I used to give to local charities that called me, but then I researched them and found out that they were mostly administrative costs.

Likewise, I gave a small donation to my alma mater. It was followed by a barage of glossy mail and phone calls that more than ate up the donation. I told them to stop wasting the money; they agreed, and then kept it up anyway. Now I just don't answer, or I inform them that I don't give over the phone.
 
I used to give to local charities that called me, but then I researched them and found out that they were mostly administrative costs.

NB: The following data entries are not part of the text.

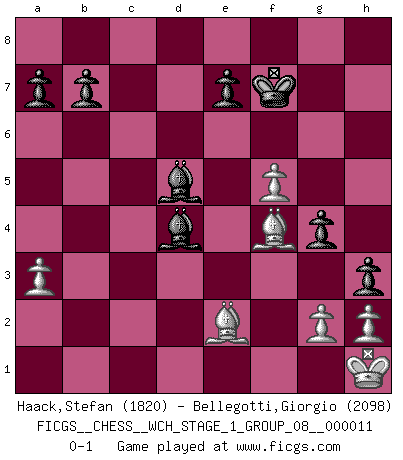Last move : 0-1 2013 January 6 16:32:11 [Event "FICGS__CHESS__WCH_STAGE_1_GROUP_08__000011"] [Site "FICGS"] [Date "2012.11.01"] [Round "1"] [White "Haack,Stefan"] [Black "Bellegotti,Giorgio"] [Result "0-1"] [WhiteElo "1820"] [BlackElo "2098"] 1.e4 c5 2.c3 Nf6 3.e5 Nd5 4.d4 cxd4 5.Nf3 Nc6 6.cxd4 d6 7.Nc3 dxe5 8.Nxe5 Nxc3 9.Nxc6 Nxd1 10.Nxd8 Nxb2 11.Nxf7 Kxf7 12.Bxb2 Be6 13.Bd3 Bd5 14.O-O g6 15.f4 Bg7 16.f5 g5 17.a3 Rac8 18.Rac1 h5 19.Rxc8 Rxc8 20.Rc1 Bxd4+ 21.Kh1 Rxc1+ 22.Bxc1 g4 23.Bf4 h4 24.Be2 h3 0-1 Sicilian : Alapin's variation (2.c3) Kingside Castling by player White (move 14) Player Black won this chess game. Follow this game move after move (download)I am still a victim of Chess. It has all the beauty of art and much more. It cannot be commercialized. Chess is much purer than art in its social position. (Marcel Duchamp) Wenn man heute mit 14 Jahren noch kein GM ist, kann man es vergessen. (Viswanathan Anand) No es tiempo de jugar al Ajedrez cuando la casa esta en llamas. (Proverbio Italiano) Les ravages du H expliquent la différence de niveau entre Tal et Thal [Abergel]. Difficult things take a long time, impossible things a little longer. (Author unknown)
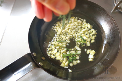 フライパンにエキストラヴァージンオリーブオイルと粗みじん切りにしたニンニク、粗塩を入れて弱火で加熱する。ニンニクの周りに細かい泡が出来始め良い香りがしてきたら、ローズマリーの葉を加える。ローズマリーの香りがしてきたらすぐに火を止める。 -
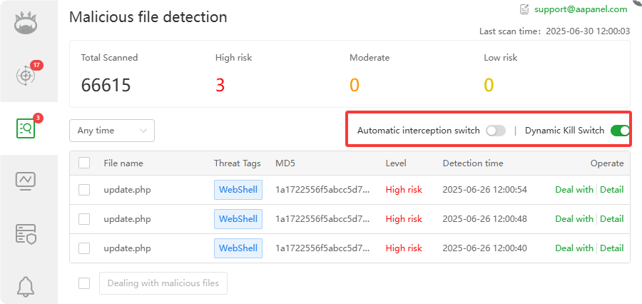 to clean the warnings from the GUI, clean the detentions log files at `/www/server/panel/data/safeCloud/log``, these will clear the warnings in the plugin.
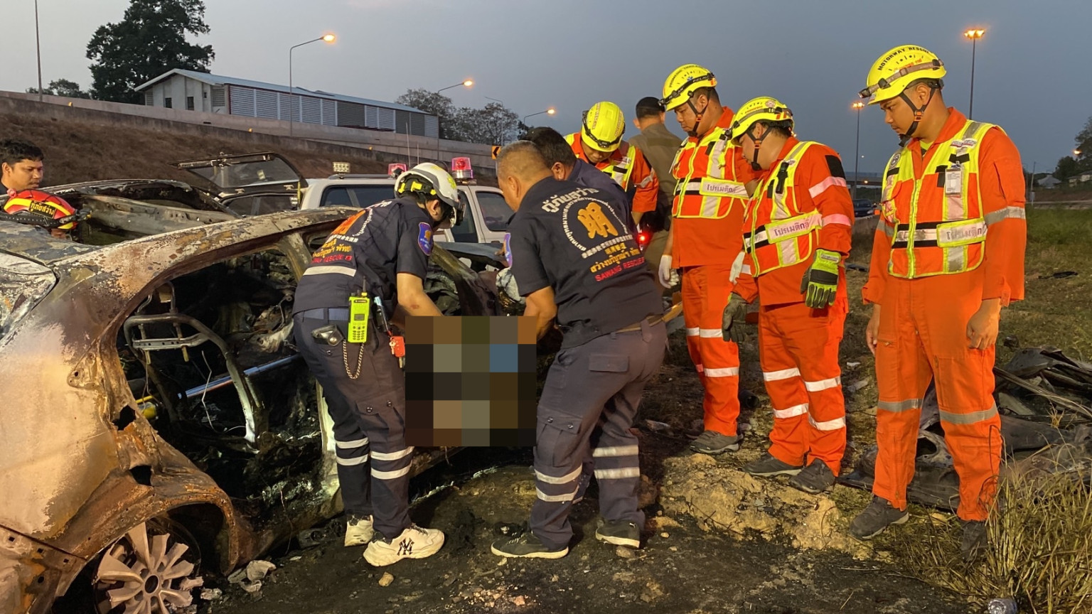 เมื่อเวลา 05.30 น.วันที่ 15 มีนาคม 2567 พ.ต.ท.โสพล โกมลสุทธิ์ พนักงานสอบสวน ตำรวจทางหลวงมาบประชันได้รับเหตุเก๋งชนแท่งปูนแบริเออร์ไฟลุกท่วมให้เกิดบนถนนมอเตอร์เวย์ ขาเข้ามาบตาพุด กมที่ 120+900 ต.หนองปรือ อ.บางละมุง จ.ชลบุรีหลังรับแจ้งพร้อมมูลนิธิสว่างบริบูรณ์เมืองพัทยารุดไปตรวจสอบ

Likewise, I gave a small donation to my alma mater. It was followed by a barage of glossy mail and phone calls that more than ate up the donation. I told them to stop wasting the money; they agreed, and then kept it up anyway. Now I just don't answer, or I inform them that I don't give over the phone.

I know exactly what you mean. Over the last 20 or so years periodically a friend or old acquantance has died and several have requested that instead of flowers they would like to help certain charities. We usually send about what we would have spent on a floral arrangement. So help me we still get flyers or pamphlets from some as far back as 10-15 years. I know they've more than spent what we originally contributed to their cause and their mail keeps showing up.
 
I know exactly what you mean. Over the last 20 or so years periodically a friend or old acquantance has died and several have requested that instead of flowers they would like to help certain charities. We usually send about what we would have spent on a floral arrangement. So help me we still get flyers or pamphlets from some as far back as 10-15 years. I know they've more than spent what we originally contributed to their cause and their mail keeps showing up.

yep, it's a real waste. i understand the reasoning, but it just seems a better idea not to send hundreds of dollars in mail to someone who donated forty bucks.
 
One of many reasons I give of my time, knowledge and labor, rather than cash.

St. Judes is about the only place I send a check.
 
One of many reasons I give of my time, knowledge and labor, rather than cash.

St. Judes is about the only place I send a check.

Small world...my dad's last wishes stated that any memorials be mailed to St. Judes at Memphis, TN
 
Small world...my dad's last wishes stated that any memorials be mailed to St. Judes at Memphis, TN

I looked at the link that was posted and though I would have like to see a better efficiency rating, I know way too many people who have ended up at St. Judes, and they have said nothing but the best things about them. Sometimes, you just can't put a 'rating' on that.